We're just hours away from her first first game for the fall season and I've been struck with an epiphany: coaching is very much like coding.
For the last month we've been hard at work making sure we cover the basic requirements, and wrap things up with test scenarios.
As we grew more confident that we'd covered the happy paths, we focused on edge cases and broadened our test suite.
We've made a lot of assumptions about the depths of what we should cover - but, given the set schedule and hard deadline, we did the best we could in the time we had.
And now, we're ready to deploy into production. Or...maybe we aren't ready and we'll find out.
But ultimately, as any good coder knows: if things fail, they should fail gracefully. When things go wrong, we'll be learn from it, build on the experience, and continue to iterate. We've set ourselves up to fail-forward.
The truth is, the first game is usually rough. For both sides, generally - but one side may struggle more. When they're young kids, it takes a moment to adjust from practice-mode to game-mode. One of my favorite moments as a coach is when you see things "click" for the team. All the drills, all the reminders about where to stand, where to run, when to communicate, what to communicate - suddenly make sense, and they start functioning as a collective, as a team.
Coaching isn't just like coding. It's like management too. In fact, any good manager should see themselves exactly as a coach. Your success as a coach is determined by the autonomy of your team during the game.
If they're still looking to you for the basics, if you've failed.
If they're covering the basics, but you have to step in to help them adapt and adjust, you're doing ok - but you're still too invovled.
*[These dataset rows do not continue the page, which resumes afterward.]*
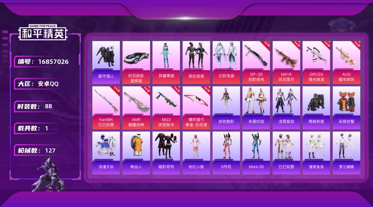 [16857026]【特价出售/店主推荐】安卓 手Q-3粉装-8特效枪-1载具-1粉色飞行器-38676热力值-3王牌印记-88套装-127枪皮 【热门品类】:套装-浪漫天命,套装-都市猎人,套装-龟仙人,套装-暗影哥特,套装-粉红小猪,角色-8号机,角色-Mark.06 【粉色套装】:粉装-英伦信使,粉装-幻彩电音,角色-异瞳寒姬 【粉色枪皮等级】:M416-风花雪月(五级),GROZA-镜光银凌(五级),AUG-暖羊咩咩(五级),Kar98K-巳巳如意(五级),AMR-智耀战神(五级),DP-28-豹影疾电(五级),MG3-突变脉冲(五级),爆炸猎弓-拳皇·狂花道(五级) 【粉色载具】:时空跃影(星辉银) 【粉色枪皮】:M416-风花雪月,GROZA-镜光银凌,AUG-暖羊咩咩,Kar98K-巳巳如意,AMR-智耀战神,DP-28-豹影疾电,MG3-突变脉冲,爆炸猎弓-拳皇·狂花道 【粉色降落伞】:守护天翼降落伞,BEARBRICK降落伞,未来领航者降落伞,临安公主降落伞,冷漠罗丽降落伞,炫彩糖果降落伞 【稀有套装】:套装-龟仙人,套装-巳巳如意,套装-雏菊兔兔,套装-萝兰蝴蝶,套装-行星泡泡,套装-糖糖葫芦,套装-青团波波,套装-棉花软糖,角色-许七安,角色-临安公主,套装-裁决天象,套装-燕燕于飞,套装-鱼渊荷华,角色-海琴烟,套装-紫幽梦,套装-蓝冰羽,套装-诡诞巡游,角色-时希公主,角色-灵公主,角色-乐音,套装-朱霞炽焰,套装-凌霄紫焰,角色-绯色魅影,套装-炫彩糖果 【稀有枪皮】:AUG-冰晶雪宝,AKM-破晓战魂,AKM-玄冥寒域,SCAR-L-夜灯,SCAR-L-炫彩节奏,SCAR-L-冷漠罗丽,M416-蓝色火焰,GROZA-影袭,AUG-天降萌叽,AUG-耀粉歌者,QBZ-彩虹符号,G36C-桃粉嫣然,AC-VAL-天降萌叽,蜜獾-天降萌叽,ARX-凌霄紫焰,UZI-影袭,UMP45-夜灯,汤姆逊-天降萌叽,汤姆逊-樱桃泡泡,AKS-74U-鬼刀,JS9-凌霄紫焰,P90-巳巳如意,Kar98K-影袭,M24-影袭,M24-幻彩电音,SKS-迅猛狂鲨,VSS-星之彼岸,Mini14-梦幻火箭,Mini14-耀粉歌者,MK20-H-净心行者,M200-爆裂游戏,SVD-冷漠罗丽,S686-彩虹符号,S686-巳巳如意,S12K-玩趣呆呆,S12K-夜灯,DBS-
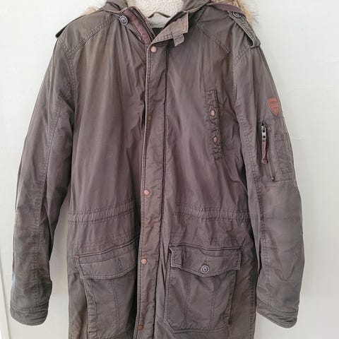 AllSaints vinterjakke til mænd i størrelse M. Jakken er fremstillet i polyamid og angives i farven sølv. Modellen er en kraftig, vatteret vinterjakke med hætte og gennemgående lynlås foran. Den har sidelommer med lynlås og AllSaints-logo på brystet. Velegnet som yderjakke i den kolde sæson.
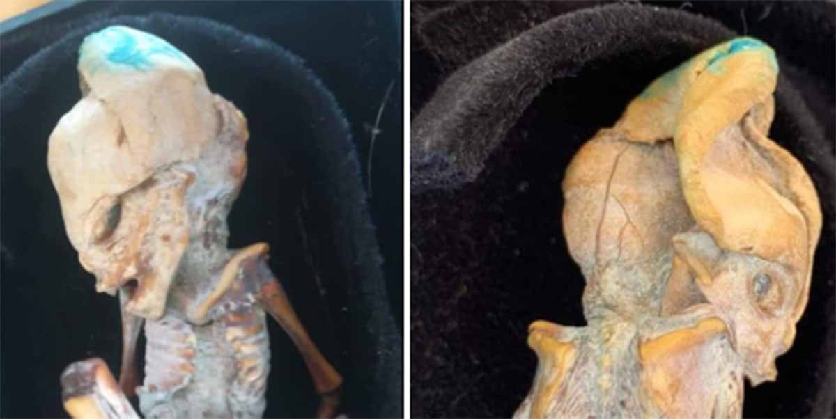 The alleged “alien” has what appears to be an elongated skull. This, married with its slanted eyes and 10 ribs on each side of the body, compared to a human's typical 12, has led to claims of extraterrestrial origins. But rather than having been unearthed on a solid archaeological discovery, the reporter who broke the story received the first images “anonymously by Whatsapp.” Permission to face-palm granted.
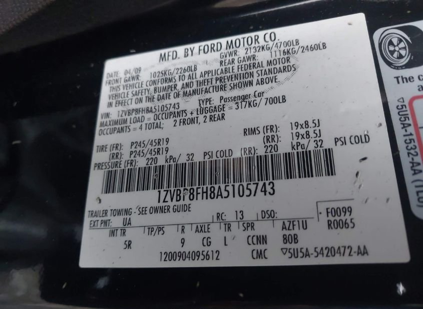 - VIN: 1ZVBP8FH8A5105743
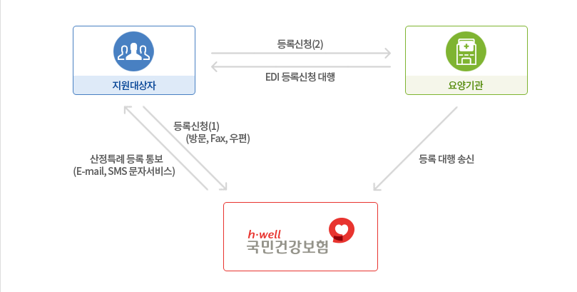 국민건강보험공단 지사 방문, 우편 또는 팩스 접수- 필수 서류: 진단서, 입·퇴원 확인서, 진료비 영수증, 주민등록등본, 건강보험 자격 확인서, 신분증, 통장 사본
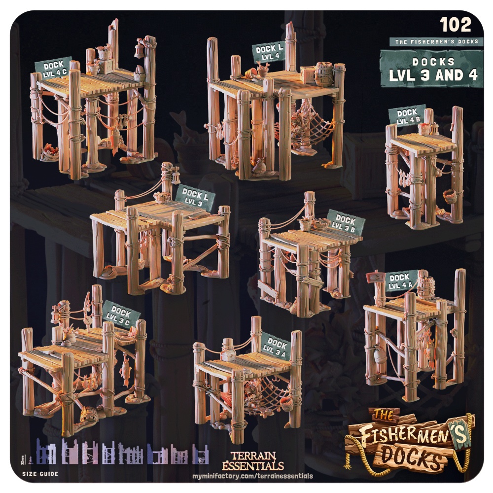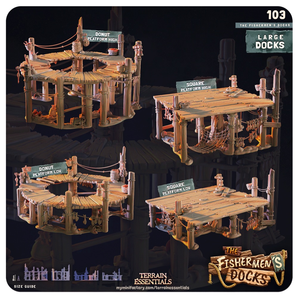 The modular platforms, multiple height levels, and fishermen scatter are designed to mix and match, letting you create dock areas as large and detailed as your adventures need.

If they're covering the basics, adapting as needed, but you help coordinate - you're doing much better, but there's still work to be done.
When the team is covering the basics, adapting, and coordinating with each other - that's when you're successful. You've created a self-organizing team, and given them the tools to make you largely redundant.
Redundancy isn't a bad thing. Redundancy means you've created capacity. Managers turn to leaders when when they start looking at how to use that capacity. What problems are tackled - and how do you address it such that you're building the same redundancy that creates more capacity.
Rinse and repeat.
I started this about the similarities between coaching and coding and turned this into a post about management, because at the root of all these is the same question: Are you focused on the superficial output (Winning games, writing amazing code, organizing a team) or are you focused on impactful outcomes (empowering team members, building the right product, making work easier)?